[Excerpts from a dataset]
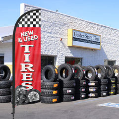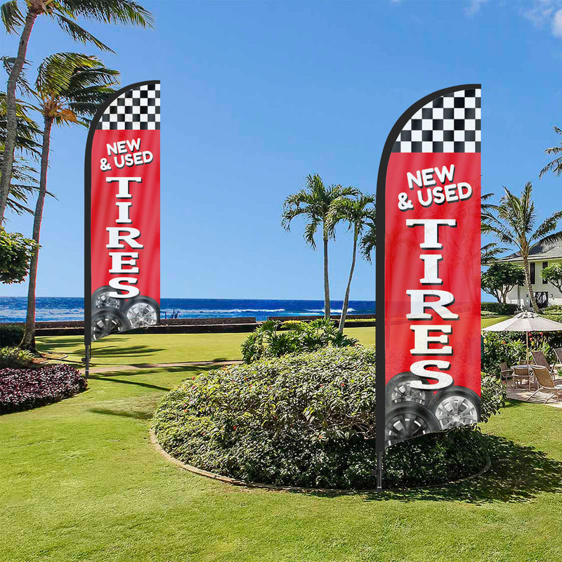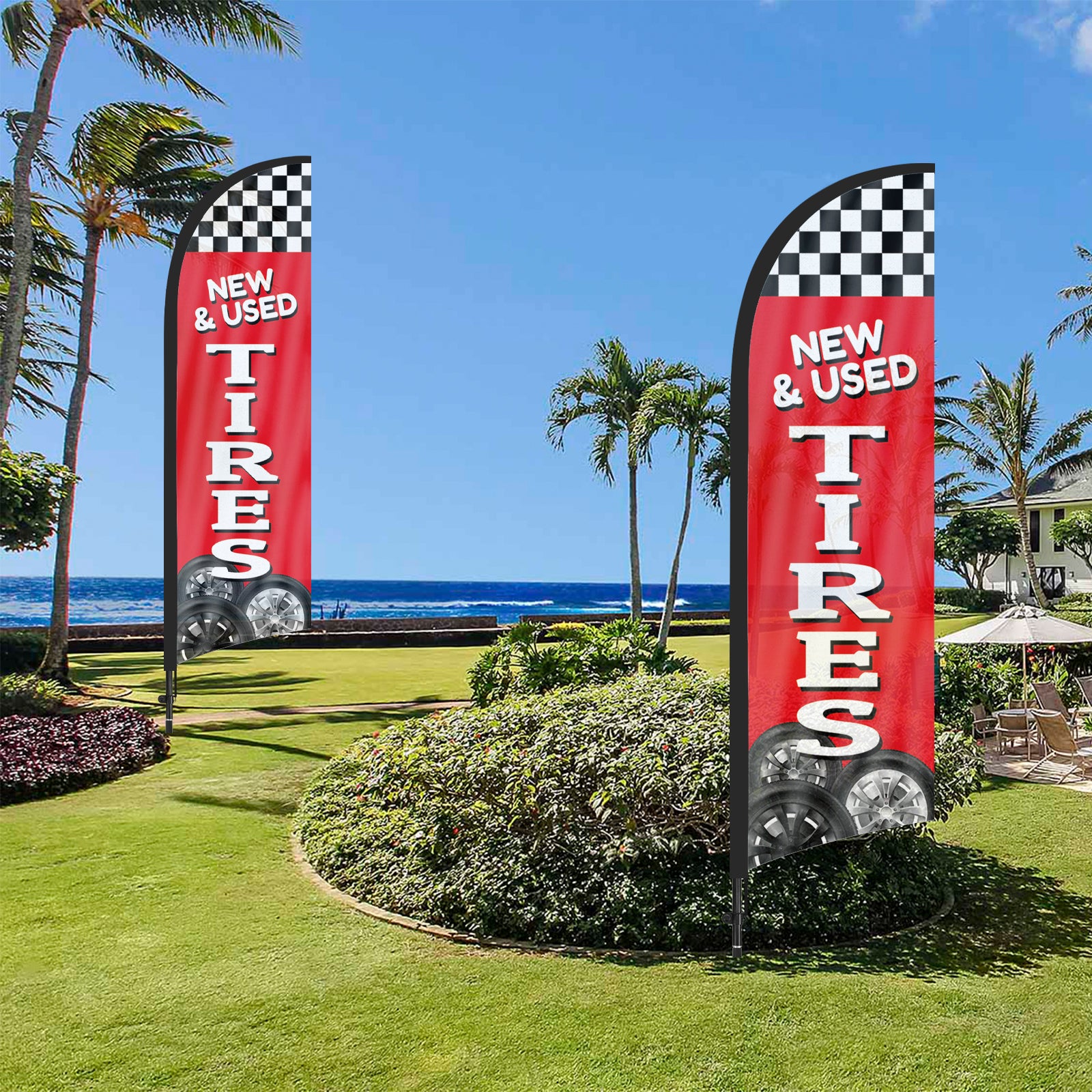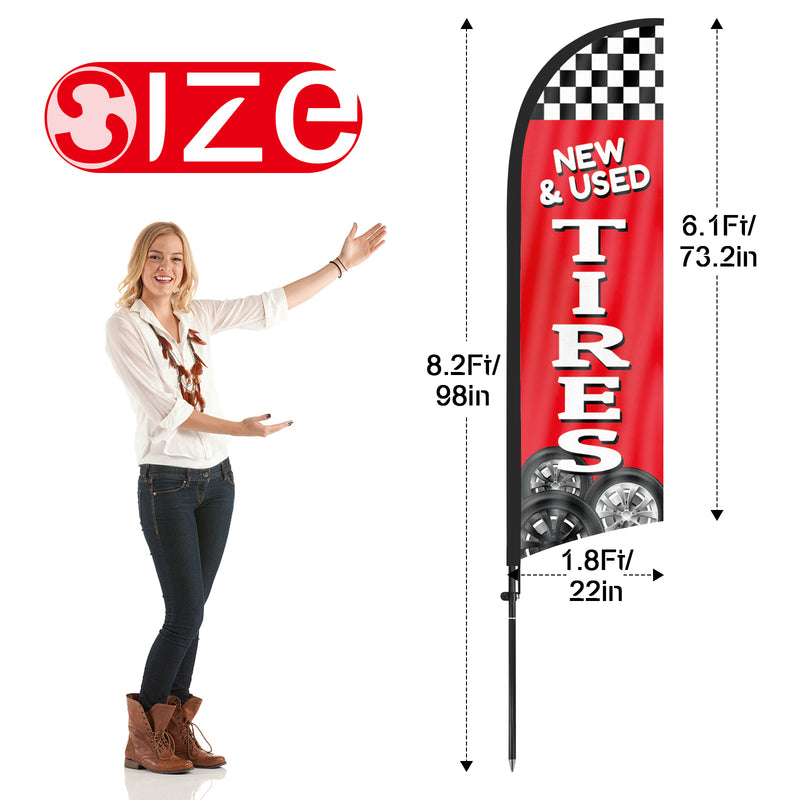 - 【Attention-Grabbing】New&Used Tires feather flags stand tall and sway with the wind, making them highly visible and attention-grabbing. The New&Used Tires flags’ unique shape and vibrant colors make them stand out in crowded environments, attracting many potential customers from a distance.
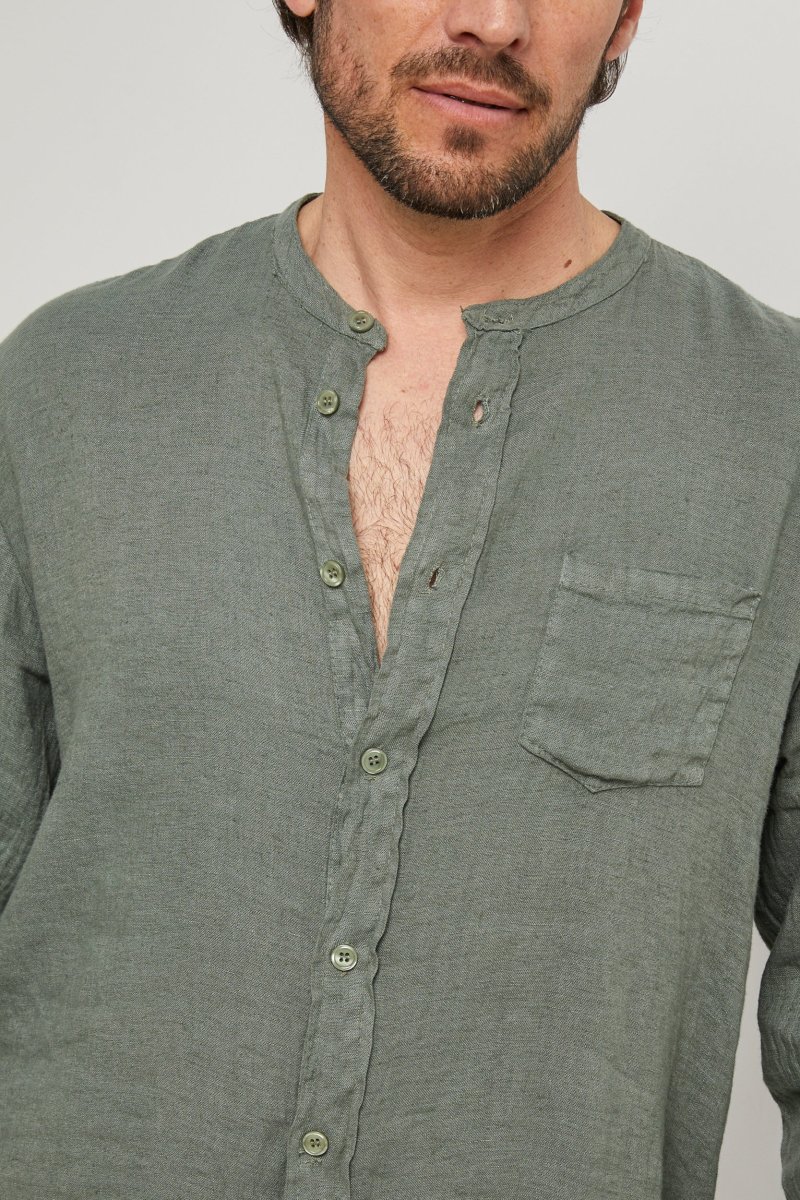 Chemise col mao, manches longues, poche plaquée sur la poitrine100% LINLavage en machine, en dessous de 30 ° C
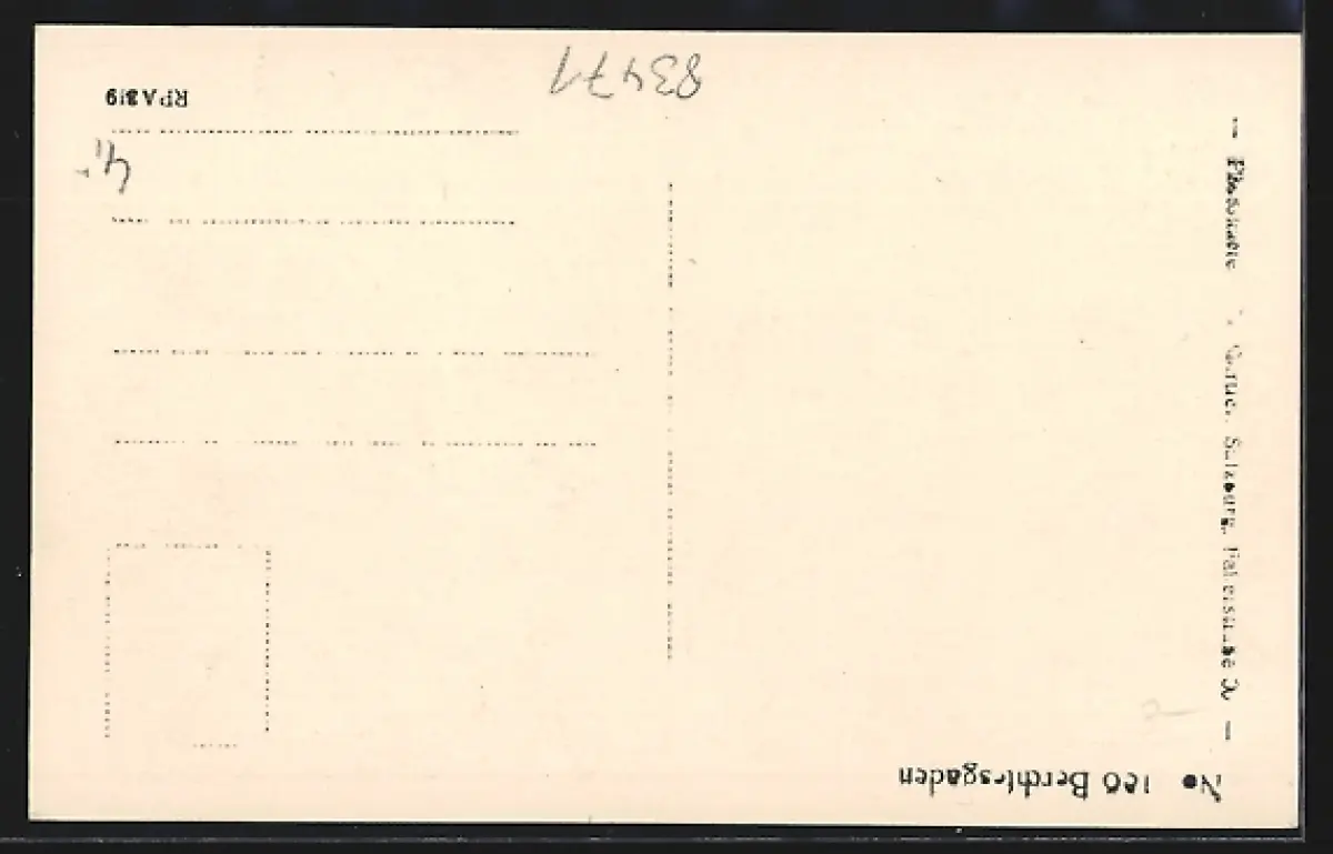 Personenbezogene Daten auf der Rückseite der Karte wurden durch blauen Textmarker unkenntlich gemacht. Die blauen Stellen sind auf die Vorderseite durchgeweicht und wirken sich negativ auf das Postkartenfoto aus
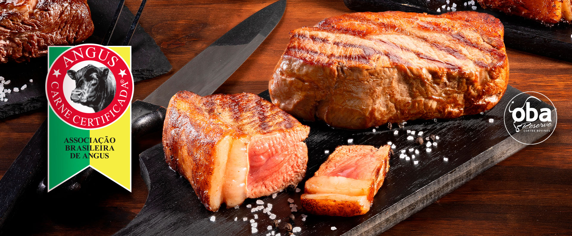 Por isso, a linha Oba Reserve conta com o selo de qualidade da Associação Brasileira de Angus. A nossa marca exclusiva se consolida como premium, e uma das seleções com mais alta qualidade do mercado, trazendo cortes nobres para todas as ocasiões.
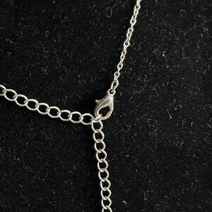Measurements: the stone is big almost a half inch in diameter the chain is 9" long with out the extension the extension is 3".
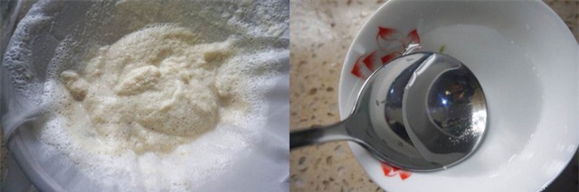 Lọc lại sữa đậu nành qua một tấm vải, bỏ phần bã. Hòa tan 3g đường nho với 20ml nước lọc
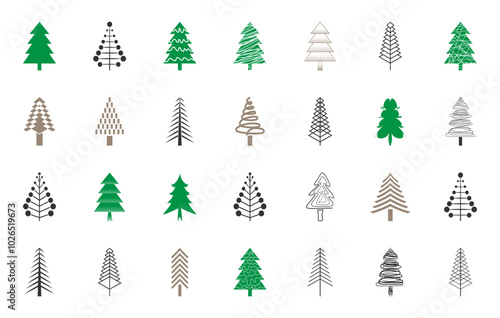 Christmas tree vector silhouettes. Xmas pine tree icon illustration.
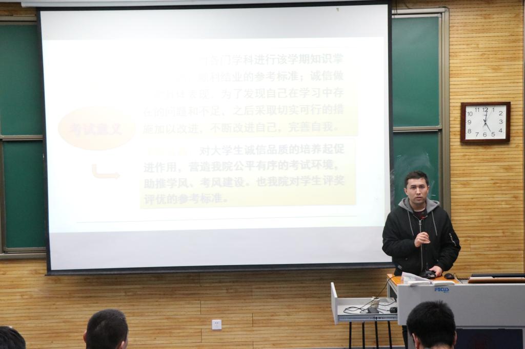 团总支书记赵超类举了以往我校和学院考试中出现的考试作弊典型事件和受到处分的案例,对诚信考试做了详细说明,希望同学们引以为戒,积极备考,诚信应考。

PROMPT: Without the pictures, restate each entry exactly.

SOLUTION:
 - 【Attention-Grabbing】New&Used Tires feather flags stand tall and sway with the wind, making them highly visible and attention-grabbing. The New&Used Tires flags’ unique shape and vibrant colors make them stand out in crowded environments, attracting many potential customers from a distance.
 Chemise col mao, manches longues, poche plaquée sur la poitrine100% LINLavage en machine, en dessous de 30 ° C
 Personenbezogene Daten auf der Rückseite der Karte wurden durch blauen Textmarker unkenntlich gemacht. Die blauen Stellen sind auf die Vorderseite durchgeweicht und wirken sich negativ auf das Postkartenfoto aus
 Por isso, a linha Oba Reserve conta com o selo de qualidade da Associação Brasileira de Angus. A nossa marca exclusiva se consolida como premium, e uma das seleções com mais alta qualidade do mercado, trazendo cortes nobres para todas as ocasiões.
Measurements: the stone is big almost a half inch in diameter the chain is 9" long with out the extension the extension is 3".
 Lọc lại sữa đậu nành qua một tấm vải, bỏ phần bã. Hòa tan 3g đường nho với 20ml nước lọc
 Christmas tree vector silhouettes. Xmas pine tree icon illustration.
 团总支书记赵超类举了以往我校和学院考试中出现的考试作弊典型事件和受到处分的案例,对诚信考试做了详细说明,希望同学们引以为戒,积极备考,诚信应考。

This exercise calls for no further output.